В этот момент в кибитку вошел фельдшер в чистом переднике поверх формы и почтительно обратился к Будищеву.

— Прошу прощения, господин морской подпрапорщик, только вашему денщику пора делать перевязку.

— Я уже ухожу, — кивнул Дмитрий, затем вытащил из кармана несколько монет и, не считая, протянул солдату: — Он мне не только денщик, так что заботься о нем хорошенько!

— И охота деньги тратить, — пробурчал при виде такого расточительства экономный Федор.

— Ой вэй, — всплеснул руками фельдшер, — можно подумать, что он из Бердичева, а не я. Большое спасибо, господин морской подпрапорщик, мы и так ухаживали за вашим другом, как за родной мамой, а теперь и вовсе будем носить на руках!

— Так ты из Бердичева? — заинтересовался Будищев.

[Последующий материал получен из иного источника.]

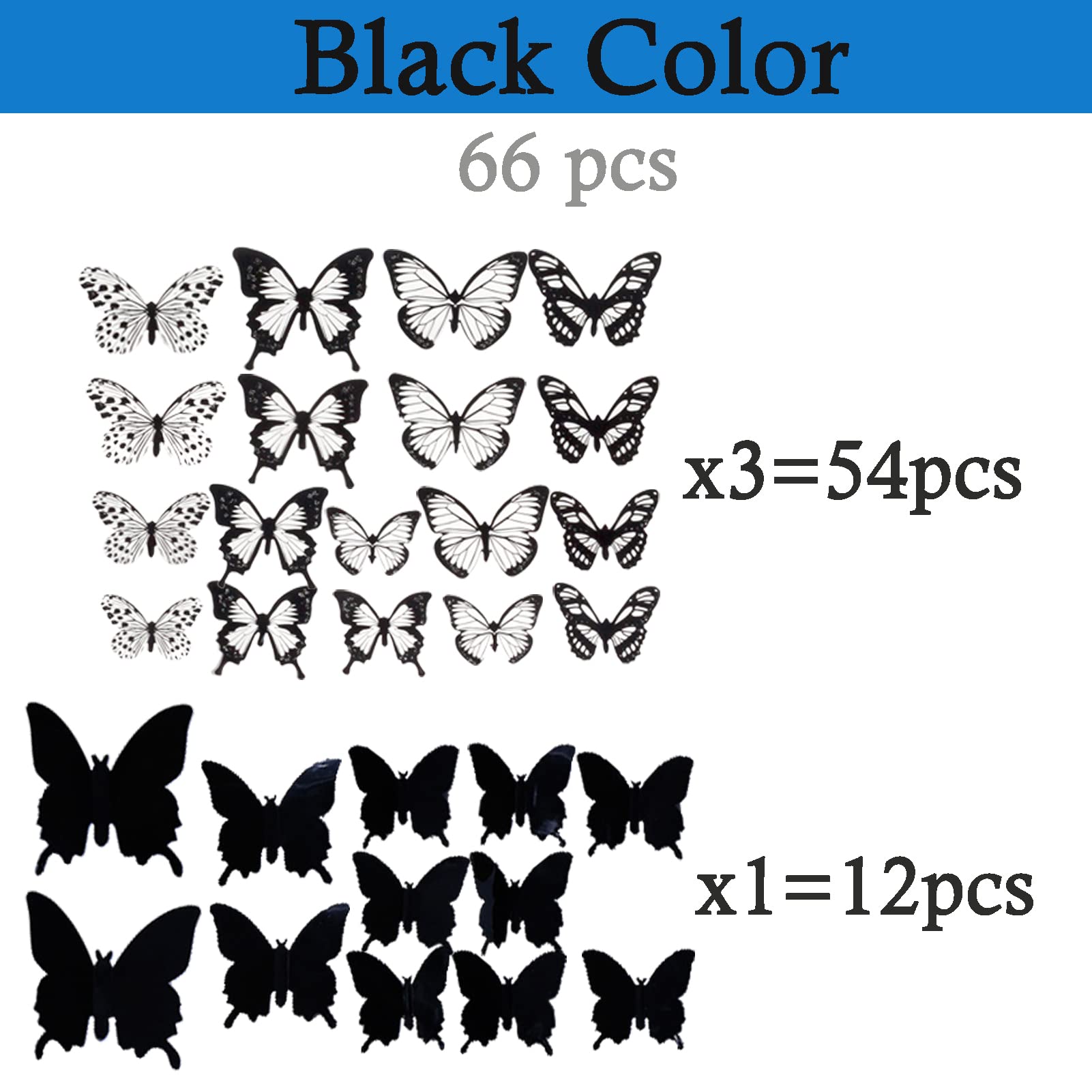 BLACK BUTTERFLY WALL DECALS: Package include 66pcs 3D butterflies wall sticker, different pattern style, 5 size(1.8", 2.1", 2.5", 3.1", 4.3"). Butterfly home decal decoration 8-12 year old girls bedroom aesthetic, 12-16 teenager girl dormitory. Whether you're decorating baby's nursery, teenager's bedroom or adult's living room, wall decor art craft can DIY any shape you like, black butterfly wall decor will add a touch of whimsy, beauty and sophistication to any space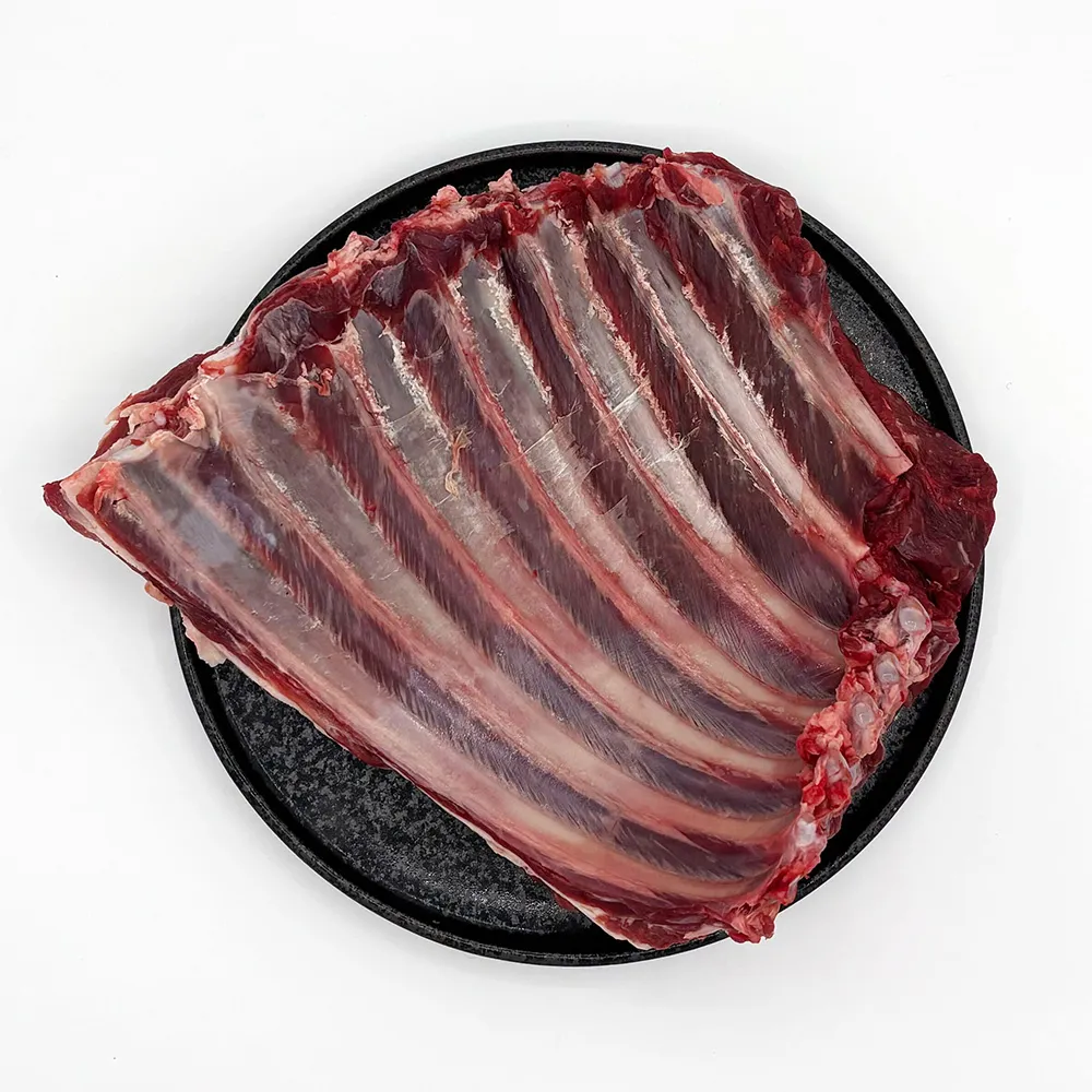 鹿の骨付きバラは、鹿肉の中でも特に風味豊かで、骨から出る旨みが肉全体に深みを与える贅沢な部位です。適度な赤身と脂のバランスが良く、ジューシーでありながらも鹿肉特有の繊細な味わいをお楽しみいただけます。骨付きで調理することで、さらに豊かな香りとコクが引き出されます。

— Конечно! А вы там бывали?

— Случалось. Поганый городишко.

— Оно так, — вздохнул солдат. — Но только там моя родина и я что угодно отдал бы, чтобы хоть одним глазком увидеть его грязные улочки. Услышать родных людей: маму, сестренку, живших по соседству тетю Риву с ее ребятишками, которые наверняка уже совсем большие, дядю Изю с его ревматизмом и даже поляка Яцека, с которым мы постоянно дрались…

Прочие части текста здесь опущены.